First off, as has been said many times in this space, day-trading is crazy and borrowing to invest on margin is a very bad idea. If you must have the thrill of leverage, consider LEAPs (long-term options). For example, on Microsoft, at these levels. (Full disclosure: I own some Microsoft LEAPs.). You should be prepared to lose 100% of your investment; but at least you won’t have interest to pay and margin calls to fear.

Next, if you are someone who has been regularly investing $200 a month (or whatever) in two or three low-expense no-load mutual funds for the past 10 years and plan to continue doing so for the next 30 – keep doing it! You’re my kind of investor, and you’ll do just fine.

But if you might actually need some of the money you have in the market in the next few years, take that portion of the money out. The market is not a safe place to park money you might need in the foreseeable future.

(Where to put it? If it needs to be really safe, do the obvious – pay off your credit cards, pay off your car loan, pay down your mortgage, put it in the bank or in high-quality intermediate-term tax-free bonds.)

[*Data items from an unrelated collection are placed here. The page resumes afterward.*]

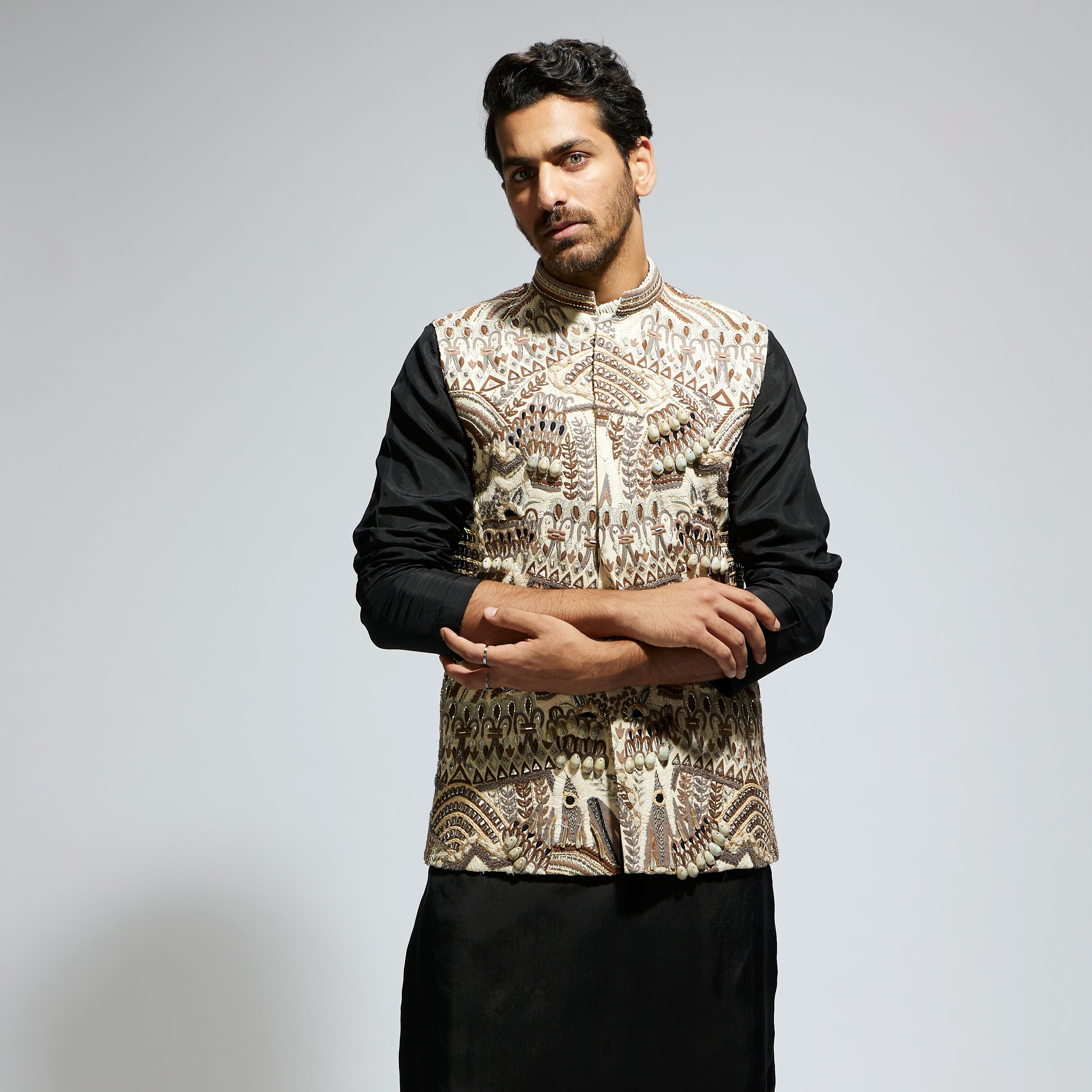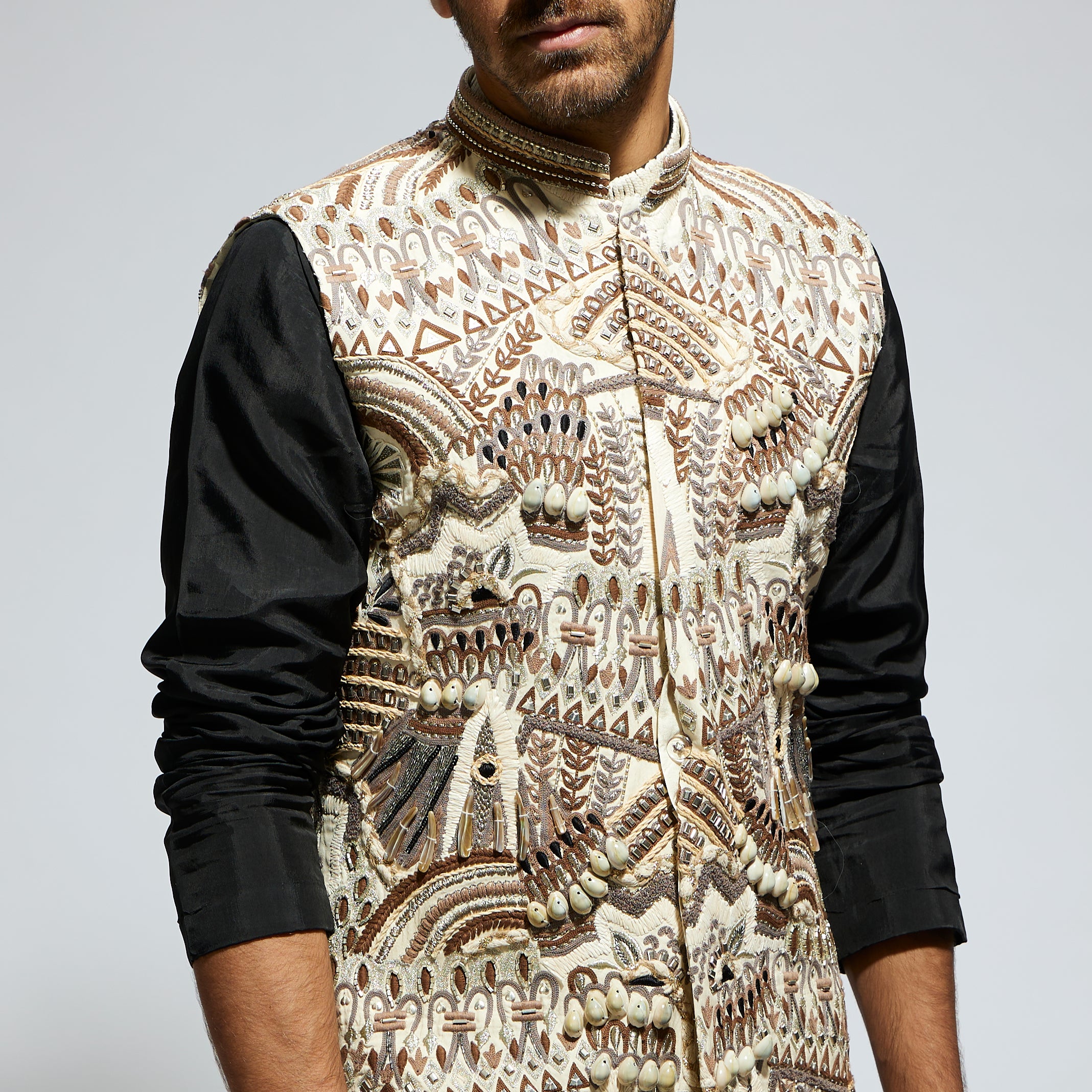 Featuring an Ivory abstract embroidered bundi, fabric habutai component 1.
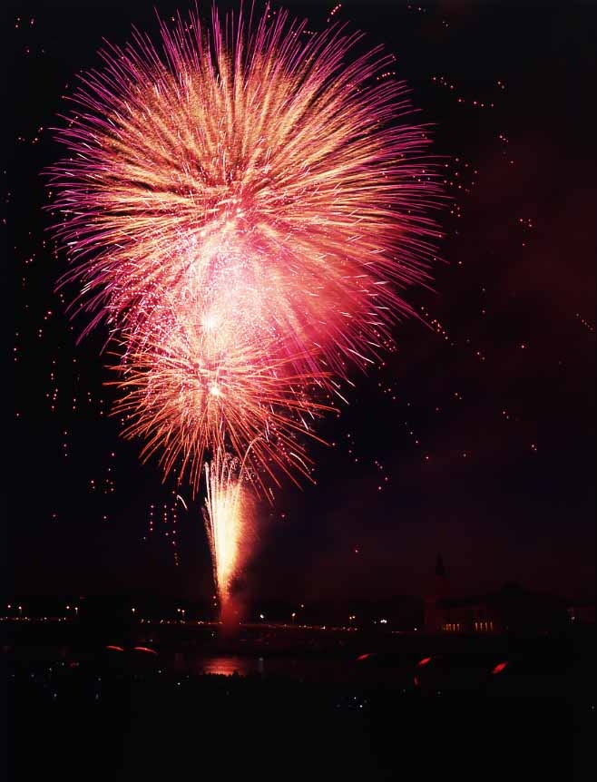 夕暮れ時の花火
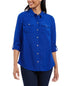 Camisa feminina Charter Club com dois bolsos, azul, tamanho médio
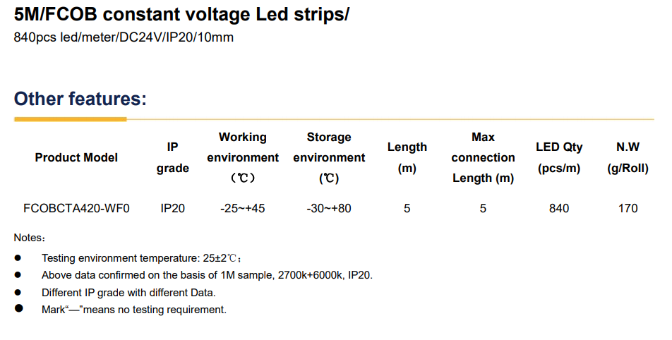 Brief introduction:CTA FCOB Flexible LED Strip Light 2700-6500K
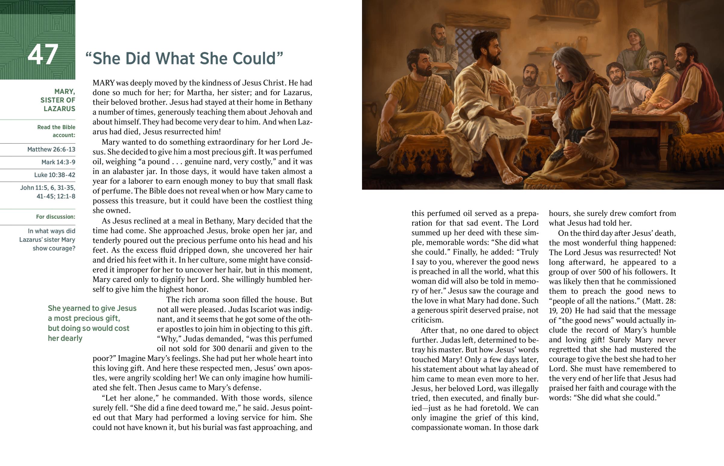 On the third day after Jesus’ death, the most wonderful thing happened: The Lord Jesus was resurrected! Not long afterward, he appeared to a group of over 500 of his followers. It was likely then that he commissioned them to preach the good news to “people of all the nations.” (Matt. 28:19, 20) He had said that the message of “the good news” would actually include the record of Mary’s humble and loving gift! Surely Mary never regretted that she had mustered the courage to give the best she had to her Lord. She must have remembered to the very end of her life that Jesus had praised her faith and courage with the words: “She did what she could.”
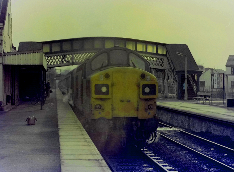 37022 arrives at Dunblane with 1A07 1125 Glasgow – Aberdeen, an unusual sighton Feb 22nd 1981
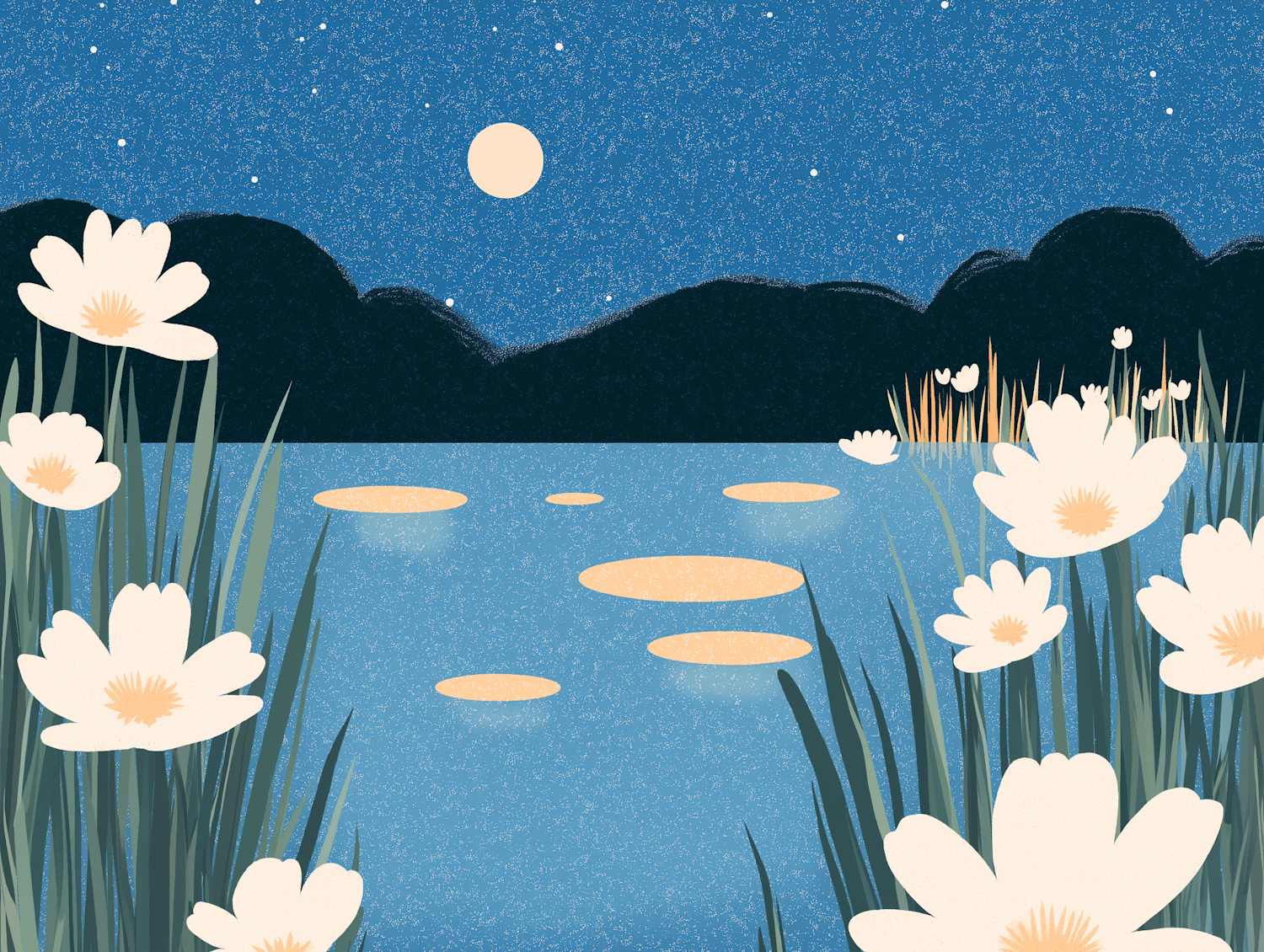 Tranquil night scene with moonlit lake, white flowers, and starry sky. Perfect for a calming and serene atmosphere.
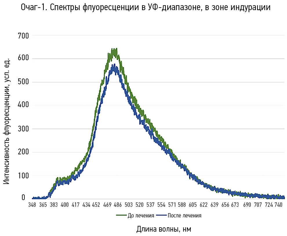 Рис. 4. Пример спектров флуоресценции при длине волны возбуждения 365 нм (УФ-лазер) до и после лечения в зоне индурации очага-1.
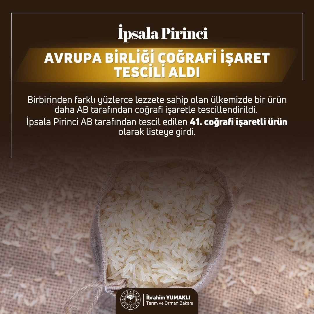Paylaşılan bilgilere göre, İpsala pirinci AB’den tescil edilen 41’inci, Bursa kestane şekeri ise 42’nci Türk ürünü oldu.

If you own stocks you’ve bought without knowing anything about them – stocks you bought because this was all so much fun, and so easy – sell them. Yes, they might go back up, but they might at least as easily go back down, and the only thing keeping a lot of them up even this high is the reluctance of people like you to sell at these new, much-lower prices.

Given the lower costs of trading and the virtually instant global dissemination of financial news . . . given the great earning power of Baby Boomers salting it away for retirement and the excitement of the New Economy . . . this could be the shortest, sharpest Bear Market in history. Five days.

But two things don’t change: human nature and “value.” New Economy stocks are particularly hard to value, and that difficulty shouldn’t and doesn’t make them worthless. But when 3Com is valued at less than Palm – even though it owns most of Palm – or when Safeguard Scientific is valued at less than its holding in Internet Capital – it is as if $10 bills were being valued at more than $20 bills. Any fool can see that that’s nuts.

Those two situations (since somewhat righted) are unusual because the absurdity can be proven mathematically. But I would argue that the valuations in many other stocks in the environment we had up until last week, and still have to a certain extent, were every bit as unreal.

Given human nature, stocks will rise way above their sensible value (whatever hindsight shows that to have been), and just as surely will at some point – I hope not for many years from now – fall way below their rational values.

Value is like truth and truth is like justice. They are not always easy to discern, and we sort of zig and zag around them as we strive for them. But we do strive for them. And thus value becomes the baseline against which to make sensible investment decisions. (Momentum is for lynch mobs.)

Not to cheapen it by borrowing it for a financial column, but I think Dr. King’s famous quote from 35 years ago in Montgomery, Alabama, is apt:

“I know what you’re asking today, ‘How long will it take?’ I come to say to you this afternoon, however difficult the moment, however frustrating the hour, it will not be long, because truth pressed to earth will rise again. How long? Not long, because no lie can live forever. How long? Not long, because you still reap what you sow. How long? Not long, because the arc of the moral universe is long, but it bends toward justice.”

Well, I would suggest that the arc of the financial markets is long, but that it bends towards value.